Créée en 2008, la zone d’activité censée accueillir des entreprises est toujours vide.
Une posture "proactive" pour faire venir des entreprises
"Ce serait à souhaiter que les entreprises reviennent", juge Bernadette, propriétaire d’une mercerie. "On n’a pas besoin d’avoir des grosses usines, plutôt que d’en avoir une à 1.500 personnes, cinq à 200 ce serait pas mal. On a quand même cette zone sous-exploitée. Mais est-ce que les gens sont prêts à revenir??"
"Je ne crois pas que ces relocalisations tomberont du ciel, il y a une concurrence au sein du territoire donc il va falloir aller chercher ces entreprises", considère Cédric Clech, élu maire de Tonnerre en 2020. Plus que les candidats à la présidentielle, c’est lui qui concentre les espoirs. Producteur à Paris, il aspire à redynamiser sa ville et améliorer son image. "J’entends l’attente des habitants, ça me met une pression de dingue, je ne suis pas magicien, mais j’essaie d’être dans une approche où tout est possible."
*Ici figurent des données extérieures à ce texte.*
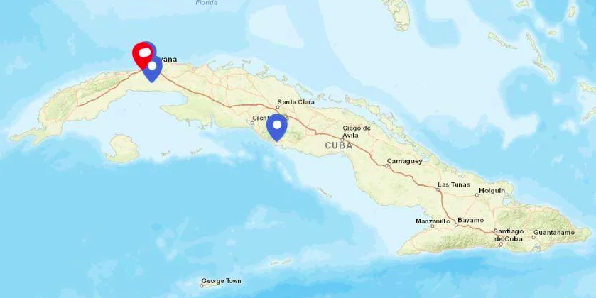 La ciudad de Trinidad esta marcada en azul debido a que siete residente locales fueron puestos en aislamiento porque tuvieron contacto con dichos turistas y se tomó la medida de tenerlos bajo vigilancia clínica para confirmar si están o no contagiados.

L’édile défend une posture "proactive" pour convaincre des "petites unités de production" de s’installer, à la faveur d’un foncier peu onéreux. "Ça ne sert à rien d’aller chercher des entreprises qui pourraient embaucher massivement comme Amazon car elles sont fortement subventionnées. Le jour où le modèle économique n’est plus là, elles repartent."
https://www.lyonne.fr/auxerre-89000/act ... _14074940/ Au Pavillon bleu, Christian a, lui aussi, connu l’époque des fermetures et des départs à la pelle. Il garde espoir. "Ce serait bien pour Tonnerre toutes ces relocalisations, j’ai envie d’y croire." Le bar-tabac situé au pied des tours voit défiler toute la journée les habitants du quartier des Prés Hauts. Anis a grandi là, à quelques mètres. Mais à 22 ans, il voit son avenir ailleurs. "Pour les jeunes, au niveau du cadre de vie il n’y a rien. Le soir on fait quoi ?? On va au McDo ?? Même si on me propose un boulot ici, je partirai", tranche-t-il.
Le renouveau de Tonnerre passera aussi par "une offre de vie sociale", le maire le sait. D’autant que la ville accueille depuis peu une école formant notamment aux métiers du jeu vidéo. Des nouveaux habitants plus que bienvenus pour le territoire qui tente de jouer à fond la carte du numérique. "C’est ce qui pourrait permettre de se démarquer", selon Lucas Lacroix, au Centre de développement économique du Tonnerrois. "Il y a deux ans, Tonnerre était au plus bas, mais avec la démocratisation du télétravail, il y a des néoruraux qui viennent s’installer." Des citadins venus se mettre au vert* qui pourraient, aussi, permettre ce rebond tant attendu.